Many substrate separation techniques are available including wet-chemical etching, chemical-mechanical polishing or laser-assisted lift-off. Wet-chemical etching and chemical-mechanical polishing are inherently slow processes that require high selectivity in materials in order to remove the original growth substrate. Laser assisted lift-off processes have several advantages over the chemically assisted methods for the GaN thin film/sapphire substrate system. The laser processing is optically selective, possesses spatial control and is a relatively fast lift-off technique.
In order for the substrate separation technique to be successfully implemented, the technique itself must not degrade the quality of the GaN layer being processed. The laser process introduces a thermoelastic stress to the GaN layer, due to the rapid heating and cooling during the pulsed irradiation, that may fracture the GaN layer. Thin film fracture may arise from microcracks within the biaxially stressed GaN or from a thermal shock initiating microcrack propagation through the GaN layer.
An inherent problem when depositing thick GaN layers heteroepitixally onto sapphire or GaAs is the intrinsic stress, compressive for sapphire and tensile for GaAs, regardless of the substrate separation technique, due to the thermal coefficient mismatch between the GaN film and the substrates.
The success of the growth substrate removal to create a GaN substrate is dictated, in part, by the quality of the as-grown GaN layer. Due to complications related to heteroepitaxy, thick GaN layers, like those needed for a substrate, generally possess microcracks that can propagate and multiply during the laser lift-off process.
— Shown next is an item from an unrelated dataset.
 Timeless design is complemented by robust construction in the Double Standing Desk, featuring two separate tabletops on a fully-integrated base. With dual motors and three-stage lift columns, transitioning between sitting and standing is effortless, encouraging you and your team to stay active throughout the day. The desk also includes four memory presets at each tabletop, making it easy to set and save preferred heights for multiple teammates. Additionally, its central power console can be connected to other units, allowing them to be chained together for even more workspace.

The combination of the intrinsic residual stress and the thermoelastic stress of the laser processing gives rise to crack propagation across the entire GaN wafer area. The crack propagation would lead to uncontrolled catastrophic mechanical failure of the GaN or, at least, ill-defined low-quality GaN substrates.
Insulating substrates allow the economical construction of nitride based semiconductor lasers and laser diode arrays. Currently, nitride based single laser structures are grown on insulating sapphire substrates. The use of insulating substrates for laser diode arrays presents a special problem in providing electrical contacts for the laser diodes. In contrast to the situation where conducting substrates are used, insulating substrates cannot provide a common backside contact for a nitride based semiconductor structure. Hence, providing electrical contacts to laser diodes on insulating substrates has required the use of both contacts on the same side of the nitride based laser diode structure.
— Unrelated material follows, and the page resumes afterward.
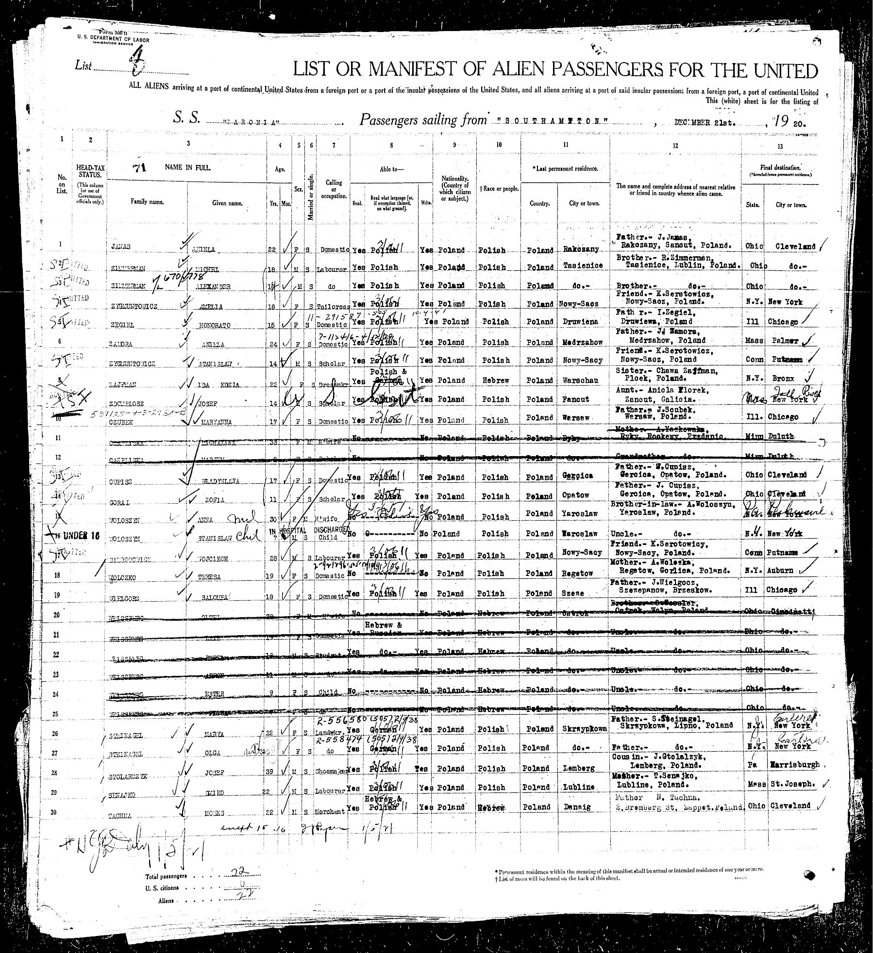 Arriving at Port of New York, December 31, 1920 |

It is an object of the present invention to provide gallium nitride substrates from a trench patterned gallium nitride layer of a sapphire substrate.
According to the present invention, a gallium nitride layer is grown initially on a sapphire substrate. A mask layer, such as photoresist, a metal layer or a dielectric layer, is patterned into stripes on the gallium nitride layer. The gallium nitride layer is then etched down to the sapphire substrate to form trenches creating sectioned areas of gallium nitride on the sapphire substrate. Alternatively, trenches can be obtained by selective-area regrowth on a pre-patterned gallium nitride layer on the sapphire substrate.
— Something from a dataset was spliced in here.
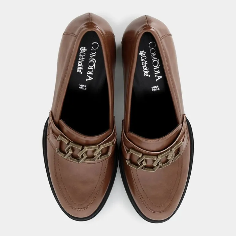 Lasciati conquistare dall’eleganza senza tempo dei mocassini con tacco Comodia. Realizzati in Italia, questi mocassini dal design classico sono perfetti per ogni occasione. L’esterno sintetico elegante e resistente si abbina perfettamente all’interno sintetico confortevole, mentre la soletta in pelle offre un’ammortizzazione superiore con la speciale tecnologia OrthoLite®. Il tacco di 8 cm aggiunge un tocco di raffinatezza, accompagnato da un accessorio con catena che aggiunge un dettaglio di stile unico. Abbinali a un tailleur pantalone o a una gonna a tubino per un look professionale, o a un abito a ginocchio per una serata speciale. Scegli l’eleganza e il comfort senza compromessi con i mocassini Comodia.
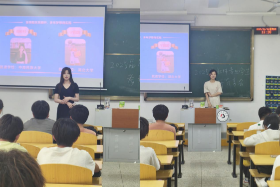 在经验分享环节,2025 届考研上岸的宁圆圆,张力文,晏子祥,万千叶,田富川,冯云冲,向勇,曾志豪,邓琳琳等同学依次上台,毫无保留地分享了自己的考研经验。他们分别从院校选择、专业课程复习、公共课备考、复试技巧以及心态调整等方面展开详细介绍。宁圆圆同学分享了她在整个备考期间的作息时间和具体复习时间节点,有巨大的意义;张力文同学提出了考研目标院校一致的的同学互帮互助的建议;晏子祥同学分享了自己专业课学习方法,强调了掌握技巧和真题练习的重要性;万千叶同学在专业课备考上给出了自己的复习建议:“在时间分配上做好取舍,将时间更合理的分配到各个学科上,提升学习效率。”田富川同学分享了自己在考研过程中总结出的避坑指南,帮助学弟学妹们避免在备考中走不必要的弯路;冯云冲同学结合自身考研经历,讲述备考中克服困难坚持行动的方法,向勇同学结合自身 “慢但扎实” 的备考特点,强调考研不要盲目比进度,稳扎稳打、按自身节奏学习才能成功。邓琳琳同学强调考研 “选择大于努力”,要结合自己的实际情况来选择院校,朝目标看齐,鼓励学弟学妹坚持到底;

The gallium nitride substrates are bonded to a silicon support substrate. Freestanding gallium nitride substrates are then fabricated using a laser lift-off process to remove the sapphire substrate and a solvent to remove the support substrate.
The edges of the gallium nitride substrates along the trenches act as terminating surfaces for cracks and defects, which originate during the growth of the gallium nitride layer, or that may propagate during the separation of the gallium nitride from the sapphire growth substrate.